Free mtb suspension kinematics app for Macs

Hello World,

After struggling away with virtual machines, I’ve built (by built, I mean, harassed Claude™️ into writing almost ALL the code for) an app to help me design a mono-pivot suspension bike on a Mac, with some idler options.

i’ve never used GitHub before, but I think this file hosting arrangement should work? if it doesnt and you know why, or if you have any important/strong recommendations, maybe DM me? I’ve tried to just upload a zip of the app direct to the forum but no luck, but iin either available download (follow the link) there should be; a) all the source code (i used Xcode, maybe you can too) , b) a licence, and c) an actual copy of the published app that /should/ simply run on a modern Mac, (im on an m3 processor running Tahoe 26.2, and don’t know my way around.)

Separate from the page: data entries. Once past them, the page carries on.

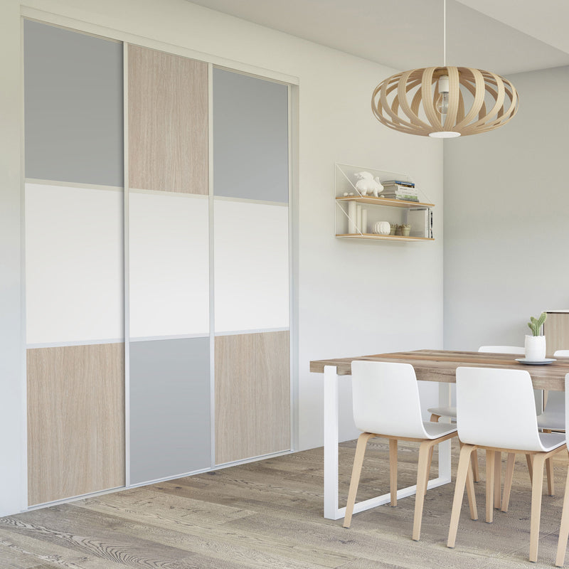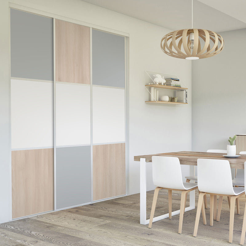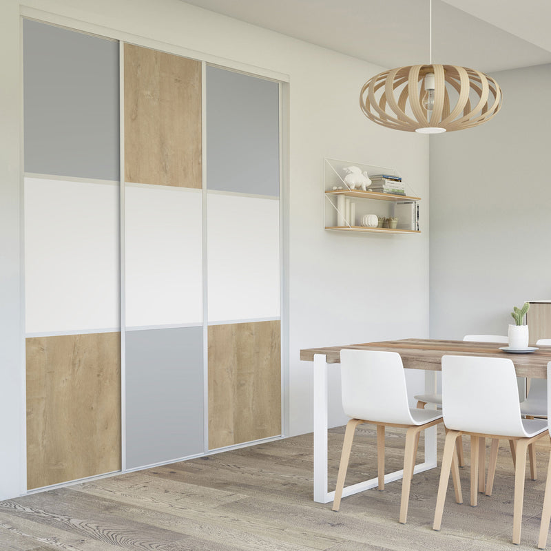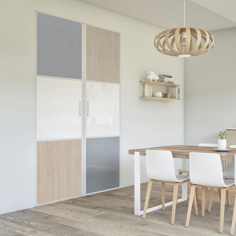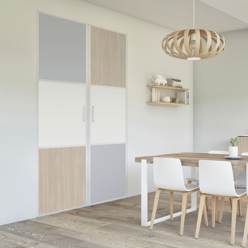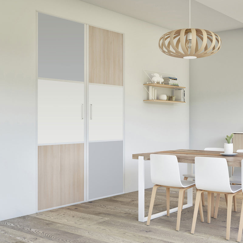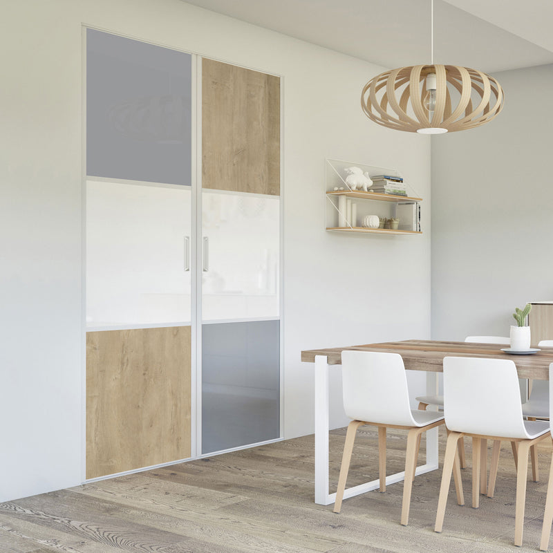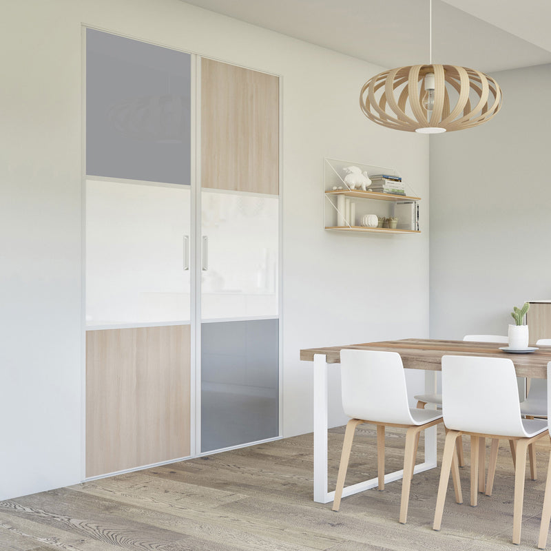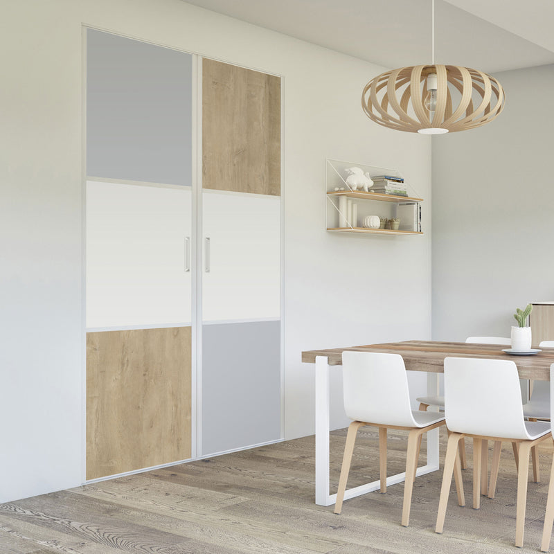 Pour un intérieur tendance et chaleureux, on adopte le style scandinave et cette Collection Minsk qui y trouvera parfaitement sa place. Elle mixe des tons bois clairs, doux et authentiques, à des couleurs neutres et intemporelles, le blanc et le gris. La composition en damier de ces portes coulissantes et pivotantes apporte une touche graphique et originale et la finition en alu Blanc mat sublime l’ensemble.
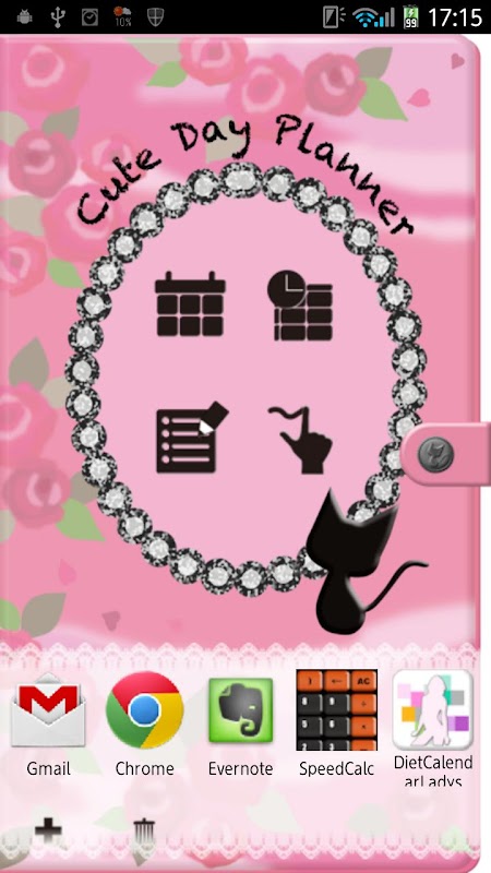 2.手帳の表紙下、白いレースの帯部分は、キュート手帳を使いながら起動させたい、別アプリをこちらに追加していくことができます。こうすることで、キュート手帳を終了させることなく、別アプリも起動できるというすぐれ機能です!
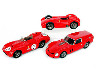 miniatures reproduisant les modèles : 412 de 1958 (série limitée numérotée 147 sur le châssis), 250GT Breadvan Le Mans 1962 & une barquette carénée (pneus craquelés) - on y retrouve les marques : BALESTRINI, GRAND PRIX MODELS & divers
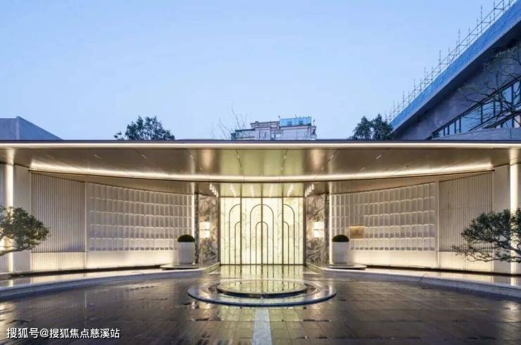 先看社区大堂:高门大院的直视感,社区主入口的设计灵感来自于上海华尔道夫酒店,石景墙上还雕刻有百合花纹,和项目案名相得益彰。
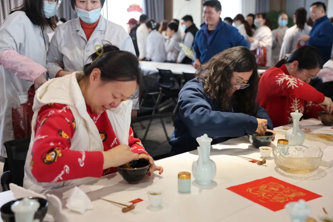 冰糖葫芦制作体验区,红火甜蜜的糖葫芦吸引着员工们排起了长长的队伍,粘上热腾腾的糖水,感受甜蜜的年味。
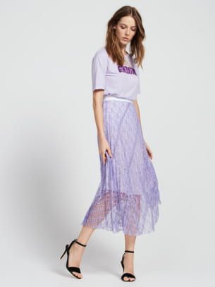 Jupe midi mauve à jeu de transparence de Sandro
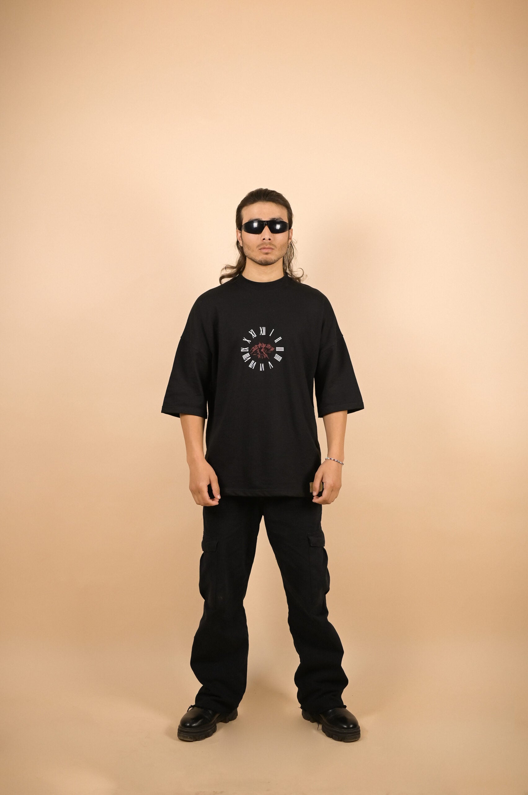 Graphic Elements: CLOCK AND EYE ELMENT ON FRONT (PUFF PRINT) , A BROKEN CLOCK WITH THE SLOGAN ” LOST IN TIME ” ON BACK ( SCREEN PRINT)
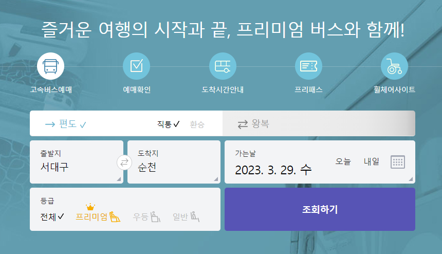 서대구 고속버스터미널 시간표를 확인하기 위해서 고속버스 통합예매 홈페이지을 접속하시면 가운데에 예매하는 메뉴가 있습니다. 편도인지 왕복인지를 체크를 합니다. 출발지를 서대구로 선택하고 도착지를 순천으로 선택하였습니다. 가는날짜를 (2023.03.29) 선택하고 조회를 클릭합니다.
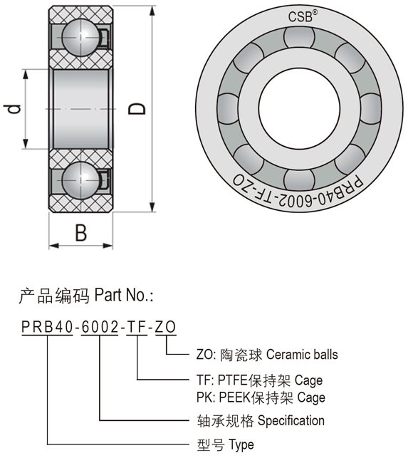 PRB40系列陶瓷滚动具有耐高低温、高承载以及较好的抗腐蚀性能;
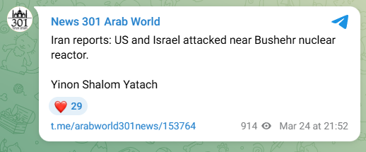 Iranian media: America and Israel attacked today the vicinity of the Bushehr nuclear facility
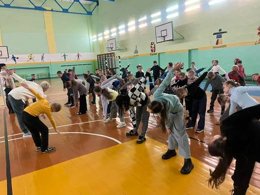 Ребята начали утро с зарядки, была проведена минутка безопасности, минутка здоровья, посещение кинотеатра Skyline и спортивные игры.с
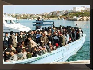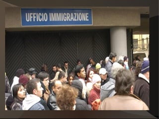 Il documento analizza la storia dell'immigrazione in Italia, evidenziando la transizione da paese di emigrazione a paese di immigrazione a partire dagli anni '70, con l'intensificarsi dei flussi migratori negli anni '80 e '90. Vengono citate leggi significative come quella del 1986 e la legge Bossi-Fini del 2002, che hanno contribuito a regolare i flussi e le condizioni degli immigrati. Oggi, il fenomeno dell'immigrazione in Italia è caratterizzato da una significativa presenza di stranieri, soprattutto provenienti da paesi come Romania, Marocco e Albania.
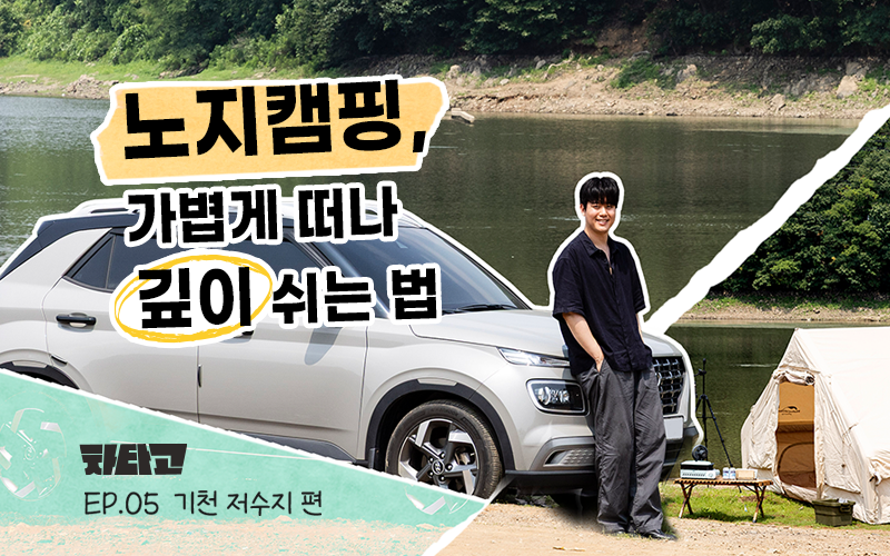 베뉴와 함께 떠난 이번 ‘차타GO’ 여행지는 화성에 있는 기천저수지입니다. 저수지 특성상 낚시를 즐기러 오는 분들이 많은 곳인데요. 하지만 낚시 외에도 유명한 것이 있었으니, 바로 노지 캠핑입니다. 물가 근처에 차를 댈 수 있어 마니아들 사이, 차박 혹은 노지 캠핑으로 유명한 곳이죠.
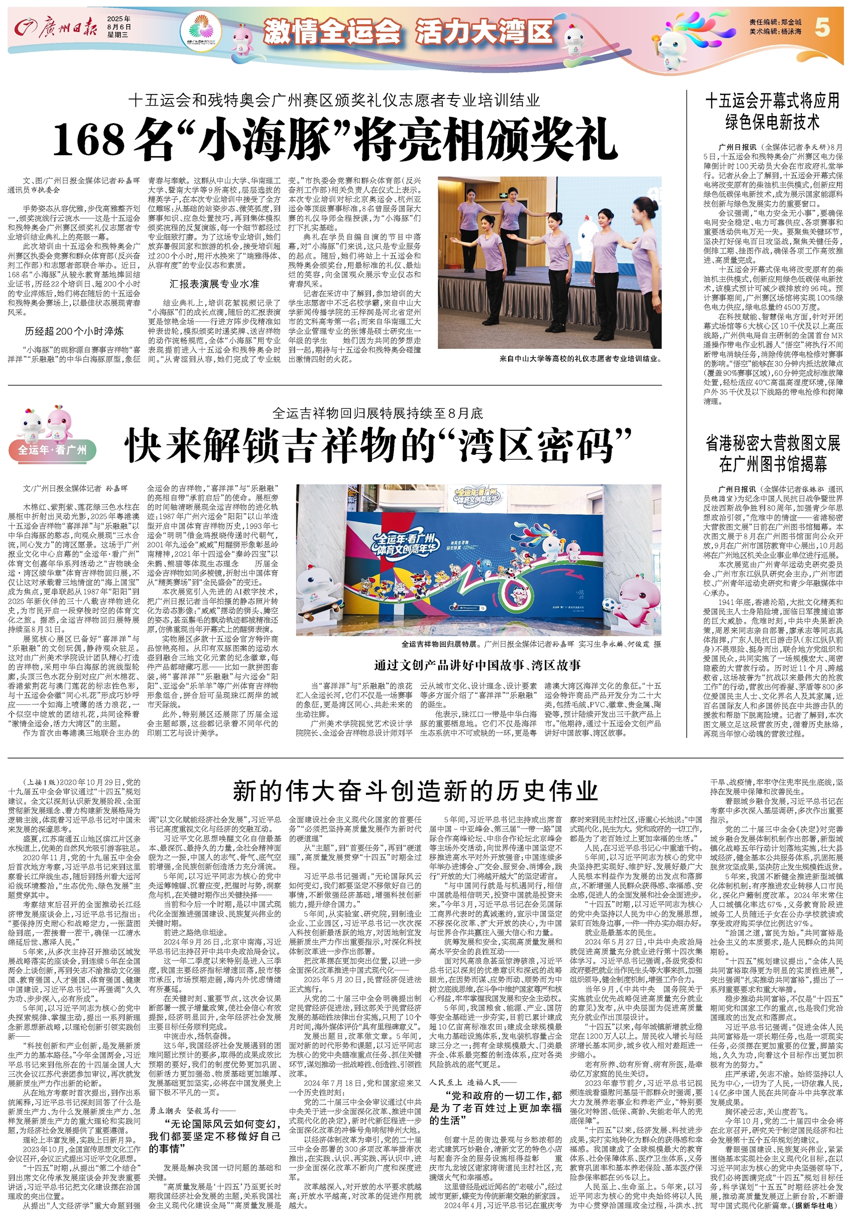 - 快来解锁吉祥物的“湾区密码” 全运年·看广州 文/广州日报全媒体记者 孙嘉晖 木棉红、紫荆紫、莲花绿三色水柱在展柜中折射出灵动光影,2025年粤港澳十五运会吉祥物“喜洋洋”与“乐融融”以中华白海豚的憨态,向观众展现“三
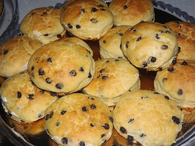 Uma das minhas tradições, com a minha mãe, nesta época natalícia (não me chateiem, já estamos na época natalícia sim senhor) era e é fazer scones. Adoramos scones e eu adoro chá com leite (hábito que tenho desde miúda) a acompanhar. E apesar do tempo não estar assim tão frio quanto isso, do meu forno saíram uns scones bem saborosos e diferentes do habitual, aos quais juntei pepitas de chocolate e ficaram a parecer os famosos 'manhãzitos' (com um textura bem diferente, é certo).
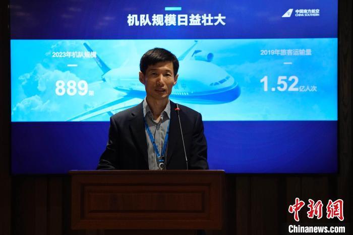南航韓國(guó)營(yíng)銷中心銷售經(jīng)理劉向軍介紹南航特色產(chǎn)品及服務(wù)。 劉旭 攝

i’ve built one app before ever (edit, that was a lie, i’ve built three, but never released one,) so this is probably pretty ropey, im trying pretty hard to release this under an AGPL-3.0 licence you can read here. My intent and understanding is that under this licence people can use this to work from and build off it, but they must credit the work done so far, and they must publish it all openly under these same rules.

this licence is pretty language heavy but the intent is for people to feel pretty free to open and mess around with this, and if they develop something, then they share it all too, I guess with notes? i think its good practice to put the notes up the front in each .swift files code, though I might be completely wrong about this.

I guess im sharing this and hoping this is handy for someone else, or even inspires someone to build off it, try adding a feature etc, fix something i’ve missed etc. ideally a bit of input might build this into something pretty useful, but like, Im totally guessing, Claude is hallucinating, and we’re all busy right?

Mono-pivots FTW ( for now at least, I guess).

The code might be pretty bad, but im hoping the app its-self is pretty intuitive to use; its pretty basic. note one thing that may not be immediately clear, is that you can save a design as a pretty basic (JSON) file type and then open it later.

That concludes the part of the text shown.